Posted by: stiff | Mar 18, 2008 6:21:10 PM

Well, Gary, if it makes you feel better, I believe that some felons, after a stretch of law-abidingness, should be allowed to bear arms.

Posted by: federalist | Mar 18, 2008 6:21:40 PM

Gary, have you looked into relief under 18 USC 925(c)?

Posted by: Kent Scheidegger | Mar 18, 2008 6:32:44 PM

Thank you federalist it does make me feel better. It has been 22 years since that crime and i have accomplished a lot as far as family, education, and employment. It has not been easy carrying a ball and chain around my ankle(felony).

Posted by: Gary | Mar 18, 2008 6:44:43 PM

Kent I have tried to apply to ATF to get firearm priviledges restored but I was informed that congress is no longer funding the back ground checks for convicted felons. I am not sure this is what you are referring to.

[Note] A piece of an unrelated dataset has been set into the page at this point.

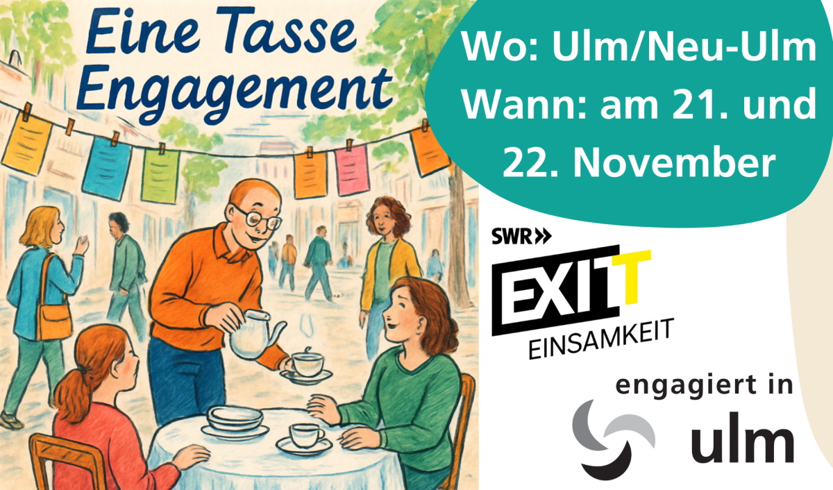 Mit der Aktion »Eine Tasse Engagement« haben wir dazu aufgerufen, am 21. und 22. November offenen Begegnungsmöglichkeiten in den Stadtteilen anzubieten. Mehr als ein Dutzend Organisationen in Ulm und Neu-Ulm luden an diesen Tagen zu einer Tasse Tee oder Kaffee und erwärmenden Gesprächen ein. Mitarbeiter:innen erzählten dabei von ihren persönlichen Erfahrungen mit ehrenamtlichen Aktivitäten. Die Aktion war Teil der SWR-Nacht »Exit Einsamkeit« und wurde lokal koordiniert von uns, der Freiwilligenagentur engagiert in ulm. In unserem Büro in der Radgasse 8 haben wir beispielsweise mit Interessierten Weihnachtspost für Senioren und Seniorinnen, die alleine sind, gestaltet. Verschiedene lokale Initiativen und gemeinnützige Organisationen beteiligten sich an der Aktion und trugen zu einem starken Gefühl von Gemeinschaft bei.

Posted by: Gary | Mar 18, 2008 6:51:18 PM

Gary, federalist
I'm happy to know that your lives are totally unaffected by your inability to own, or choice not to keep, a gun in your home. Any sense of deprivation is entirely within your minds, and meanwhile you and your families are safer for it. As federalist has determined for himself - there are better and safer alternatives. To encourage others to think there are not does society harm, and perpetuates the sense of fear that drives the sentencing regimes discussed, and largely abhorred for excess, on this blog.

Posted by: peter | Mar 19, 2008 2:58:24 AM

"Well, Gary, if it makes you feel better, I believe that some felons, after a stretch of law-abidingness, should be allowed to bear arms."

This appears to be soft on crime. These people are dangerous and they might re-offend. Your lack of concern for the victims of future crimes is telling of where your sympathies lie.

Posted by: S.cotus | Mar 19, 2008 6:30:29 AM

S.cotus are you serious? You are way off base. You are assuming that all convicted felons are dangerous? There are probably hundreds of thousands of convicted non violent felons in this nation. My argument is for non violent felons that have a long period of time not re-offending. I happen to be one of these people.

Posted by: Gary | Mar 19, 2008 7:29:24 AM

Gary, Since you are a convicted felon, I don't think you are really in a position to tell me that I am off-base. I figured since Federalist has gone soft (usually he wants to put everyone in jail or have the state kill them), I would pick up the slack.

So, here goes:

Society made a mistake by allowing people that later became felons to be born. We should not make that mistake again by allowing them to have guns.

Posted by: S.cotus | Mar 19, 2008 8:35:06 AM

S.cotus
Your offensive retort calls for an apology.